What is a good representation of the centre of the data: mean or median?

pantheria["9-1_GestationLen_d"].median()
68.405
  • Draw a random sample with replacement of the same size (number of rows) as the original sample.

  • This opens the possibility for the new sample to be different from the original sample.

boot_gest = pantheria["9-1_GestationLen_d"].sample(frac=1, replace=True)

boot_gest.plot.hist(color="grey", edgecolor="white", bins=np.arange(0, 650, 50))
plt.axvline(x=boot_gest.median(), color="forestgreen")
plt.ylabel("Frequency")
plt.xlabel("Resampled gestational length (days)");
../../../_images/665e648d86406c2bd7f8e09c984bcab6c93d6c31b17c633342c9293f5a6da657.png
boot_gest.median()
75.87
np.random.seed(20250319) # To keep your solution consistent

boot_gest = pantheria["9-1_GestationLen_d"].sample(frac=1, replace=True)

boot_gest.plot.hist(color="grey", edgecolor="white") 
plt.axvline(x=boot_gest.median(), color="forestgreen")
plt.ylabel("Frequency")
plt.xlabel("Resampled gestational length (days)");

boot_gest.median()
65.44
../../../_images/2b53ec9c736f29dbdb68b10d981d8c0f5fc8758b639c025a27ac2914e9866733.png

Why is this a good idea?#

  • By the law of averages, the distribution of the original sample is likely to resemble the population.

  • The distributions of all the “resamples” are likely to resemble the original sample.

  • So the distributions of all the resamples are likely to resemble the population as well.

Resampled median#

  • We generated one resampled or bootstrapped median above.

  • By resampling many times we can compute the empirical distribution of the median gestation time.

def boot_single_median():
    """Generate a bootstrapped median of gestation period.
    """
    boot_gest_med = pantheria["9-1_GestationLen_d"].sample(frac=1, replace=True).median()
    return boot_gest_med
np.random.seed(125)
boot_single_median()
75.06
  • Now let’s compute many bootstrap medians by writing a for loop.

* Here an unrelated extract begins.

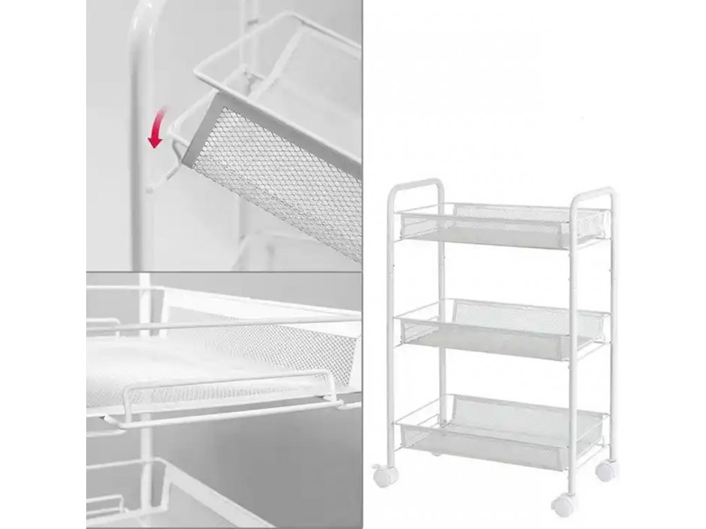 Univerzálna, pojazdná kuchynská polica na kolieskach. Vybavený tromi hlbokými policami na uloženie mnohých doplnkov. Ďalších päť odnímateľných háčikov umožňuje pohodlné zavesenie handričiek alebo uterákov na okraje kočíka. Jeden pár koliesok má brzdy, ktoré umožňujú jeho aretáciu a umiestnenie kdekoľvek. Neuveriteľné množstvo aplikácií vďaka mobilnému dizajnu.

bootstrap_medians = []  # empty list to collect medians

np.random.seed(2025)

for _ in range(5000):
    bootstrap_medians.append(boot_single_median())
plt.hist(bootstrap_medians, color="teal", edgecolor="white", bins=np.arange(60, 95, 3))
plt.ylabel("Frequency")
plt.xlabel("Medians of resampled gestational lengths (days)");
../../../_images/3b4a0d9cfbc327b8df184fbe1aad08073e5056dc454de3e2a7f8f0fbdf1ad214.png

Boostrap confidence intervals#

  • We can use the bootstrap distribution to construct a range of values such that 95% of the random samples will contain the true median.

  • The range of values is called a confidence interval.

  • A 95% confidence interval for the median can be constructed finding the 2.5% percentile and the 97.5% percentile.

  • The reason for choosing 2.5% and 97.5% is that 0.05/2 = 0.025, and 1 - 0.025 = 0.975.

  • We can do this using the percentile function in numpy.

np.percentile(bootstrap_medians, 2.5)
62.99
np.percentile(bootstrap_medians, 97.5)
78.02

A 95% bootstrap confidence interval for median is 62.99 days to 78.21 days.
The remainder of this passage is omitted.